#### [Aim of the task]
From the first line of the listing below to the line with "A powerful statement", print each line exactly, and nothing more. Leave out the pictures.

#### [Material provided]
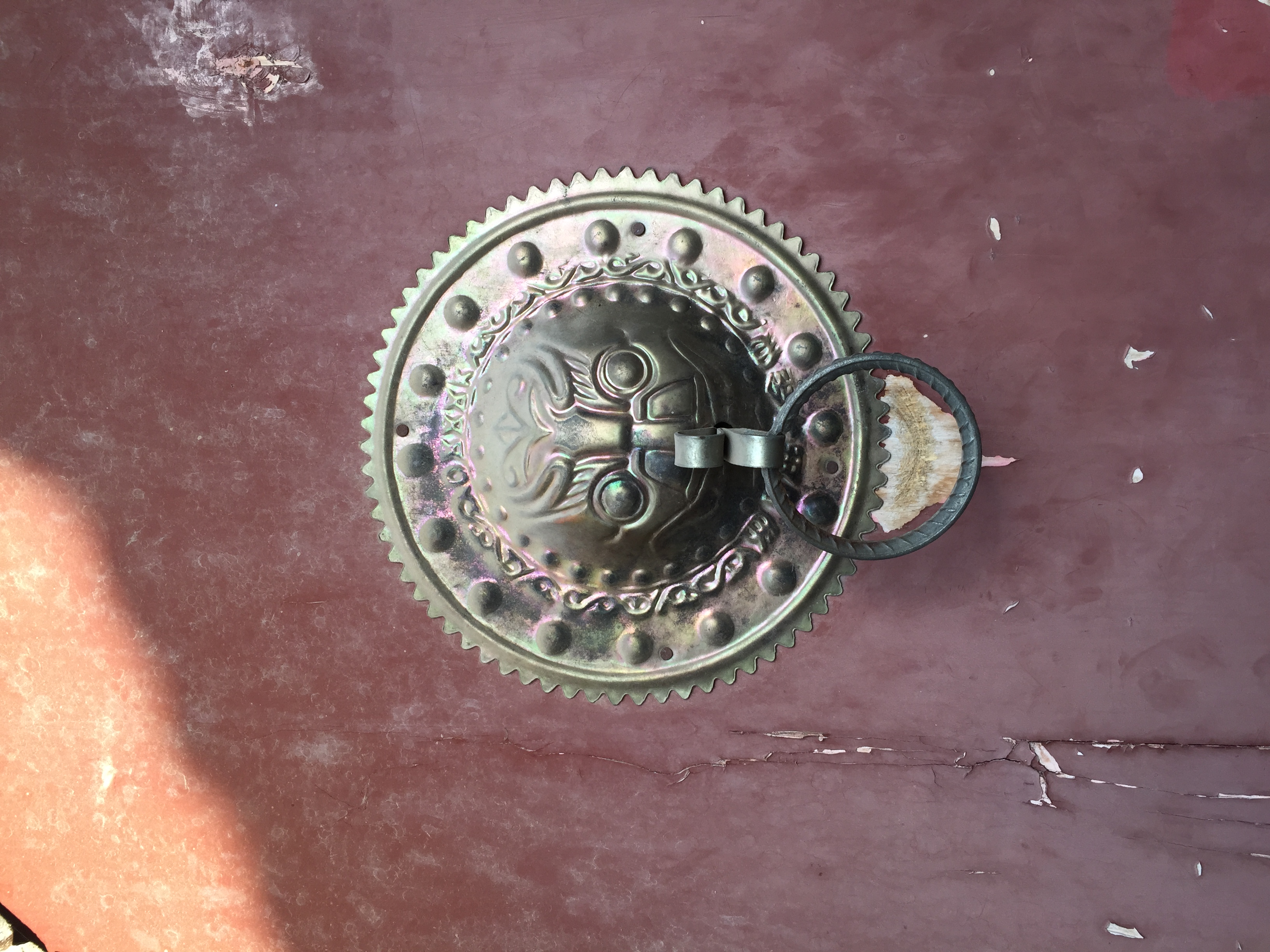 正门名枕,是大门的重要组成部分。用石雕刻,多以箱形和抱鼓形为主体,抱鼓石与门枕石由同一块石头雕刻而成,门枕石在大门内侧承托大门的重量,抱鼓石在外侧起平衡重力的作用。暖泉古镇的多为抱鼓形门枕石。(图中大门口的位置圆形的石头即门抱鼓形门枕)
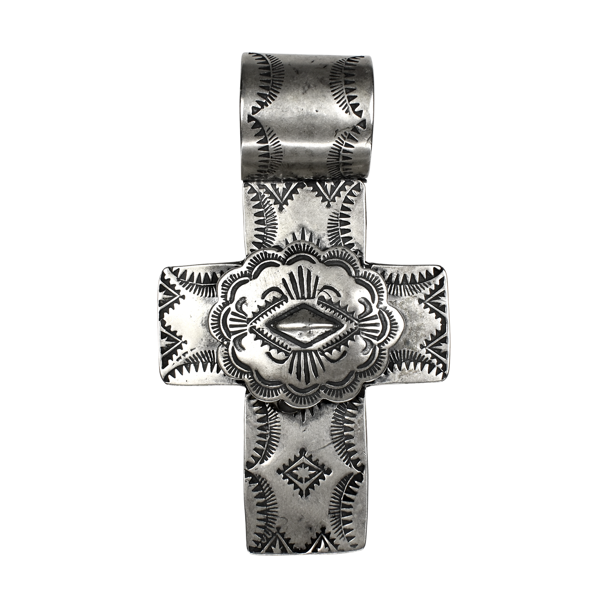 A powerful statement on a chain or leather cord, this cross pendant stands out as a centerpiece in any Southwestern jewelry collection.
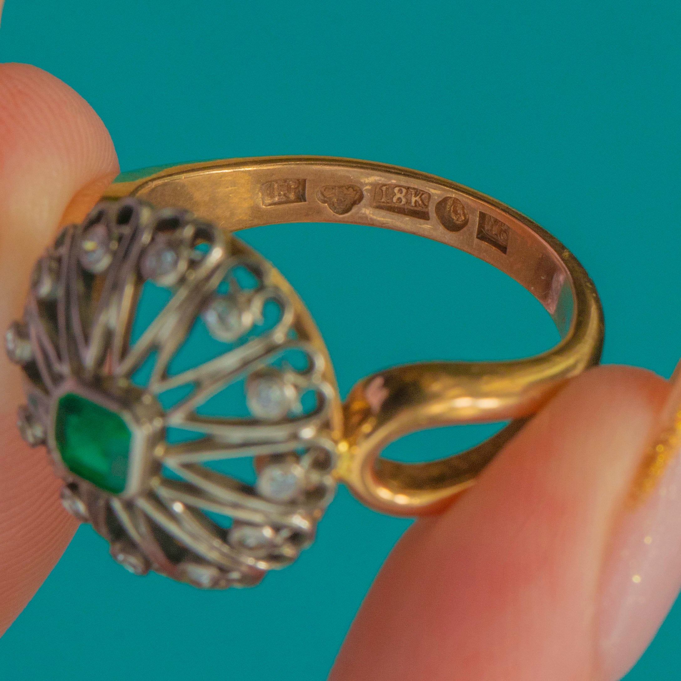 EXCELLENT: The Emerald is bright with good colour, secure in its setting and free from chips to the naked eye. The Diamonds are lively and well-matched, with minimal age-related wear. The 18ct Gold band and starburst setting are smooth, sturdy and well-preserved with only light surface marks from gentle wear; the Swedish stamps remain clear and legible.
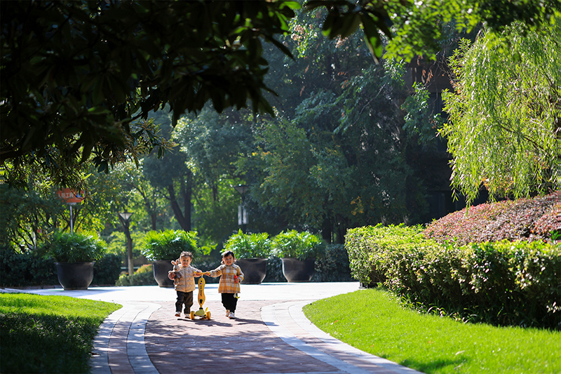 林蔭芳草錯(cuò)落蓬勃,渲染一片詩意天地,承載著寶貝天真的情態(tài)、記錄下家人幸福的笑顏。這份綠意盈懷的美好,是自然的恩賜,更離不開華地對景觀營造的細(xì)致用心。

#### [Response to this task]
 正门名枕,是大门的重要组成部分。用石雕刻,多以箱形和抱鼓形为主体,抱鼓石与门枕石由同一块石头雕刻而成,门枕石在大门内侧承托大门的重量,抱鼓石在外侧起平衡重力的作用。暖泉古镇的多为抱鼓形门枕石。(图中大门口的位置圆形的石头即门抱鼓形门枕)
 A powerful statement on a chain or leather cord, this cross pendant stands out as a centerpiece in any Southwestern jewelry collection.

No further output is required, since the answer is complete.